I was wearing a lot of make-up as I wanted to feel like a professional female interviewer on camera.I enjoyed the style of foundation coverage and the defined eyeliner and mascara and I adored the woman's shirt I was wearing and wore lipstick to match coated with lipgloss. I had plucked my eyebrows and was thrilled to wear make-up like this. I had chosen a wig in a style I thought a female TV presenter may have and unbuttoned the shirt in what I hoped was a hint of feminine sexiness. I thought the large hooped ear rings would ad a casual touch to a semi formal look for the camera. Out of shot I was wearing a black knee length pencil skirt with my freshly shaved legs clad in flesh coloured tights (pantyhose). I had been wearing beige high heels to complete the look.

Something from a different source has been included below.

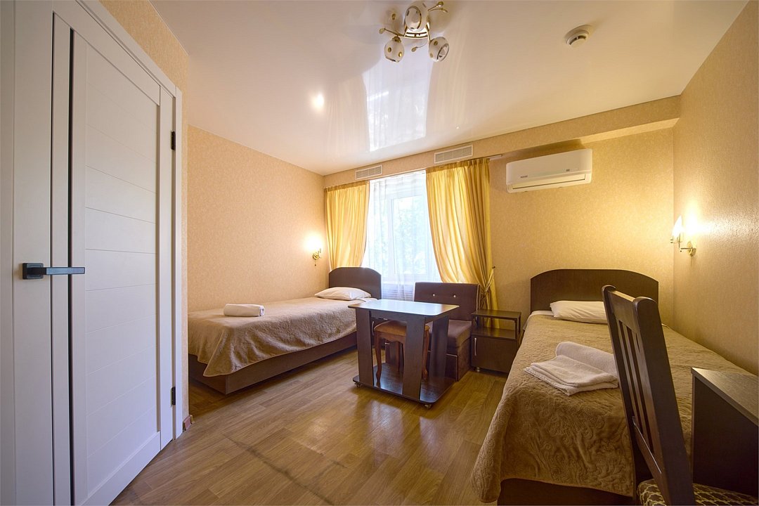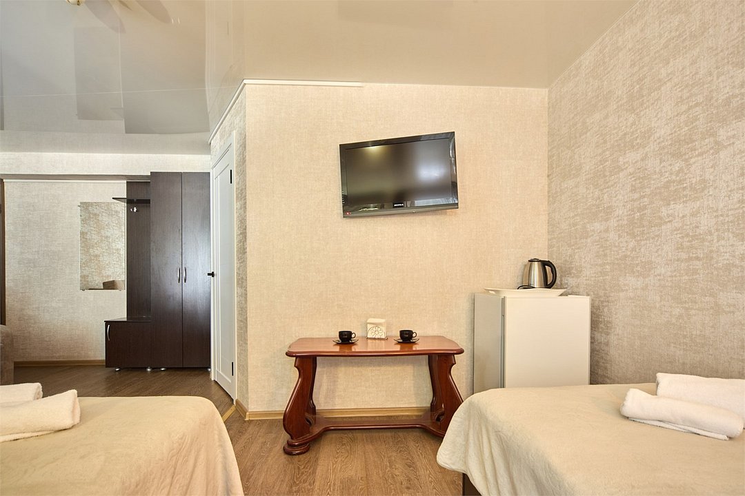 телевизор, кабельное телевидение, Wi-Fi, холодильник, фен, душевая кабина, санузел, банные полотенца, тапочки, две односпальные кровати, гладильная доска, тумбы, стулья, шкаф для одежды, вешалки, журнальный столик, письменный стол, зеркало, обслуживание номеров, чайник, унитаз, раковина, отопление, вид во двор, стаканы, туалетные средства, сплит-система, телевизор с плоским экраном, москитная сетка, номер для некурящих, холодильный шкаф, уборка номера, набор для приготовления чая и кофе, услуги прачечной (платно)В гостиничном номере

I notice though I must have slipped them off as I can see them on the shelf behind me!
I think the make-up I was wearing that day truly had a big effect on me, I adored it, and it boosted my confidence considerably, and helped me imagine I was female.It was a lotto make-up but I really felt the part and wished my little dress up session was real, that I was a female TV presenter getting made up for the camera and stepping out on set in feminine clothing and heels.
I suppose, for me, my dream of being a woman is lived out by my cross-dressing and indulging in these little scenarios. All I know is the day I did this it felt amazing, I truly felt alive and confident in a way I had never previously experienced.
Cross-dressing is always emotionally rewarding and always exciting and I feel it is a bit of an adventure too. I am a man but I really do love spending time as a woman.